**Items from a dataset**

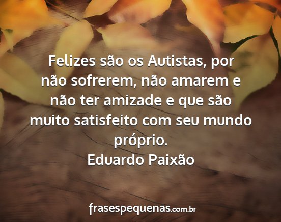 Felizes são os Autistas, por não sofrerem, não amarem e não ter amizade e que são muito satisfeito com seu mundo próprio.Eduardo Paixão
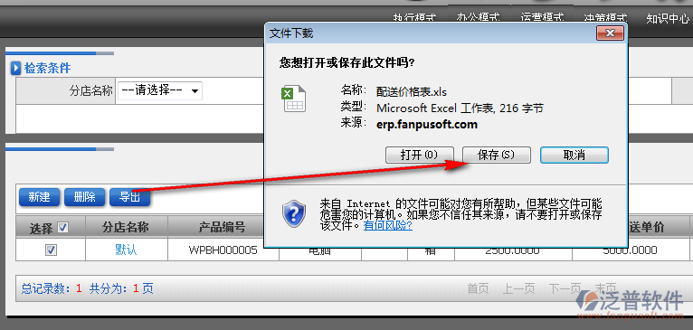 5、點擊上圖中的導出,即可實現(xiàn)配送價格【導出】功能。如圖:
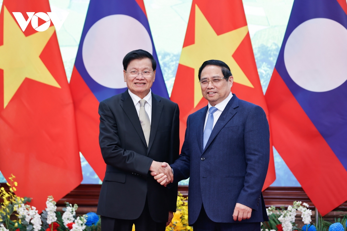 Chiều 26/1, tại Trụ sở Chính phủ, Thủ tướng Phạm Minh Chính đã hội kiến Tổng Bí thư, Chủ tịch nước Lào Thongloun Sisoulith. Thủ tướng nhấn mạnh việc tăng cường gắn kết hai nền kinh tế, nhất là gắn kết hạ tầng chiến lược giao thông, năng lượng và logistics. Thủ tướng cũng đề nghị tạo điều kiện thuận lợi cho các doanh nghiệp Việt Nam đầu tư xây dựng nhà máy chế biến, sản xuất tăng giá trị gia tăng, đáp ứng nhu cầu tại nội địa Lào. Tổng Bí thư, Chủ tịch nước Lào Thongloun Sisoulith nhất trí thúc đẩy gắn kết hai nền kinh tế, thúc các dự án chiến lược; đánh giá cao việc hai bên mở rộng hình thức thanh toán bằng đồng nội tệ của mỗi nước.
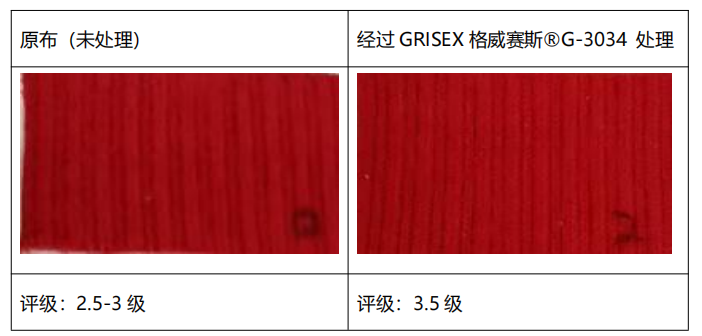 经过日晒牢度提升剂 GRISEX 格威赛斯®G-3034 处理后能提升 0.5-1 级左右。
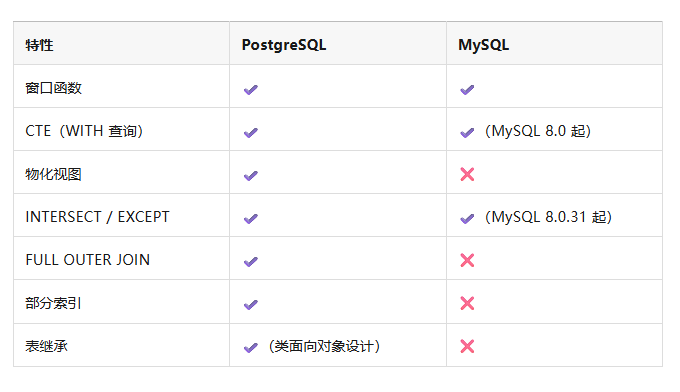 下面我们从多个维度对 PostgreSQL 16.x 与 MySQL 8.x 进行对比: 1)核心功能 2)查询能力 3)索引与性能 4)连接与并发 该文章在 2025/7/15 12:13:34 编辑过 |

**What is required**
Text only, pictures out: give every record again as written.

**Result below**
 Felizes são os Autistas, por não sofrerem, não amarem e não ter amizade e que são muito satisfeito com seu mundo próprio.Eduardo Paixão
 5、點擊上圖中的導出,即可實現(xiàn)配送價格【導出】功能。如圖:
 Chiều 26/1, tại Trụ sở Chính phủ, Thủ tướng Phạm Minh Chính đã hội kiến Tổng Bí thư, Chủ tịch nước Lào Thongloun Sisoulith. Thủ tướng nhấn mạnh việc tăng cường gắn kết hai nền kinh tế, nhất là gắn kết hạ tầng chiến lược giao thông, năng lượng và logistics. Thủ tướng cũng đề nghị tạo điều kiện thuận lợi cho các doanh nghiệp Việt Nam đầu tư xây dựng nhà máy chế biến, sản xuất tăng giá trị gia tăng, đáp ứng nhu cầu tại nội địa Lào. Tổng Bí thư, Chủ tịch nước Lào Thongloun Sisoulith nhất trí thúc đẩy gắn kết hai nền kinh tế, thúc các dự án chiến lược; đánh giá cao việc hai bên mở rộng hình thức thanh toán bằng đồng nội tệ của mỗi nước.
 经过日晒牢度提升剂 GRISEX 格威赛斯®G-3034 处理后能提升 0.5-1 级左右。
 下面我们从多个维度对 PostgreSQL 16.x 与 MySQL 8.x 进行对比: 1)核心功能 2)查询能力 3)索引与性能 4)连接与并发 该文章在 2025/7/15 12:13:34 编辑过 |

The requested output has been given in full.